CHAPTER LII
MATHEMATICS
There is no single book in the English language, save the Britannica, in which the whole body of mathematical knowledge is examined and classified with special reference to the inter-relation of its various parts and to the results obtained in the neighboring domains of physics, chemistry, and engineering. Text-books necessarily have a somewhat narrow purpose, namely to teach the student how to solve problems in a single given field; wide views over the surrounding country can, therefore, seldom be afforded. The Britannica, however, does for English readers, what the Encyclopädie der Mathematischen Wissenchaften does for German, and more, in that in the Britannica the shadowy borderlands are illuminated and the roads cleared which connect the mathematical and the experimental sciences. In fact if anyone possessed every mathematical text-book that had ever been published, he would still find the articles full of suggestion to him, for in them the whole subject has been presented, in all its complex bearings, logically and as a whole.
History
It is nearly 4,000 years since a mathematician was last deified in the person of Amenophis, and as far as can be ascertained only one other of his calling ever received this honour, and he also was an Egyptian who had entered into his godship a full thousand years earlier (Vol. 9, p. 46). To the ancient Egyptians mathematics owes the first fragmentary ideas of arithmetic and mensuration, but little else, for despite their amazing mechanical achievements very little record of purely mathematical knowledge has come down from them. It was the Greeks, starting with Thales (600 B.C.), who really created the sciences of geometry and numbers. To them we owe the great abstract ideas which dominate the science. The Greek period lasted till the capture of Alexandria by the Mohammedans, A.D. 640, at which time the Arabian school took shape, and to it we owe the development of algebra (al-jebr-wa’l-muqubala, which means the transposition and removal [of terms of an equation]). With the Renaissance the centre of scientific research shifted to Western Europe and from then on the boundaries of mathematical knowledge were rapidly extended, till to-day the subject is the common ground on which all the physical sciences meet. The student is referred to the article Mathematics (Vol. 17, p. 878), by A. N. Whitehead, fellow and senior lecturer in mathematics, Trinity College, Cambridge, for a brilliant exposition of the foundations of the subject.

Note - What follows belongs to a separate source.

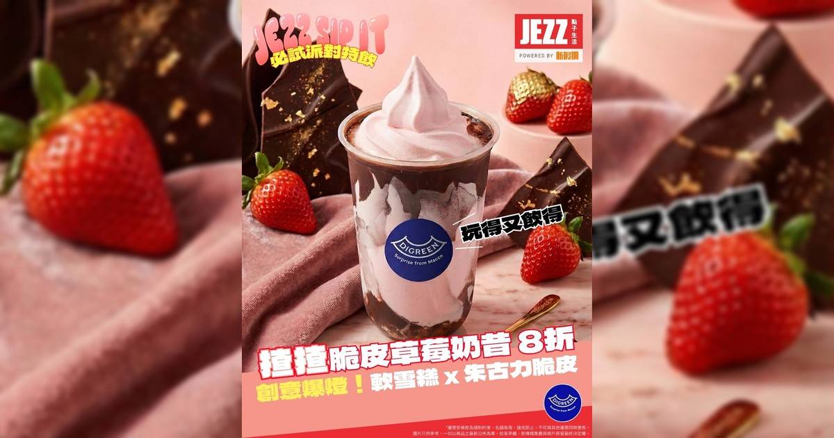人氣品牌「#DIGREEN」今次真係創意爆燈!強勢推出全新「#揸揸脆皮草莓奶昔」,完美示範咩叫「有得玩又有得飲」!成杯奶昔 100% 採用品牌自家製嘅香濃軟雪糕打成,杯身內層仲邪惡地裹上一層厚厚嘅脆皮朱古力🤤!
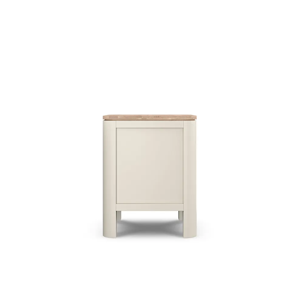 The smoked oak top offers a pleasing contrast and is the perfect perch for water glasses and books. Thoughtful gently curved edges and stepped-in handles add to its aesthetic appeal.

The professed mathematician will, of course, not need any set guide to his reading, but it may be well to point out one or two articles which he will find especially worthy of his attention.
Leading Articles
The article Probability, (Vol. 22, p. 376), by Professor Edgeworth, author of Mathematical Psychics, and numerous papers on the calculus of probabilities, gives, to the best of our belief, the only statement of the whole problem in the English language. That on Algebraic Forms (Vol. 1, p. 620), by Major Macmahon, former president of the London Mathematical Society, includes a number of results not previously published. The article Elasticity (Vol. 9, p. 141), by A. E. H. Love, professor of natural philosophy in the University of Oxford, embodies the experience of a distinguished mathematician who has made this subject the object of his special study for years. Sir George Darwin (son of Charles Darwin) in the article Tide (Vol. 26, p. 938) summed up the results of his life’s work. The new electrical theory of the properties of Matter (Vol. 17, p. 891) is discussed by Sir J. J. Thomson, professor of physics, Cambridge, who has done more than anyone else to develop it. There are many other valuable articles, e.g., Geometry, Axioms (Vol. 11, p. 730), and Geometry, Non-Euclidean (Vol. 11, p. 724), by A. N. Whitehead; Units, Dimensions of (Vol. 27, p. 736), by Professor J. A. Fleming; Energy and Energetics (Vol. 9, p. 398 and p. 390), by Sir Joseph Larmor; Groups, by Prof. Burnside, author of Theory of Groups of Finite Order. Articles which will be found highly useful to the engineer are Mensuration (Vol. 18, p. 134); Earth, Figure of (Vol. 8, p. 801); Geodesy (Vol. 11, p. 607); Strength of Materials (Vol. 25, p. 1007).
Leading Contributors
The mathematician will at once recognize the peculiar fitness of the contributors to deal with the subjects allotted to them, and this fitness is the more noticeable in the following list, arranged in alphabetical order, which names and briefly describes the distinguished mathematicians who have collaborated in the Britannica, and indicates the principal articles written by each.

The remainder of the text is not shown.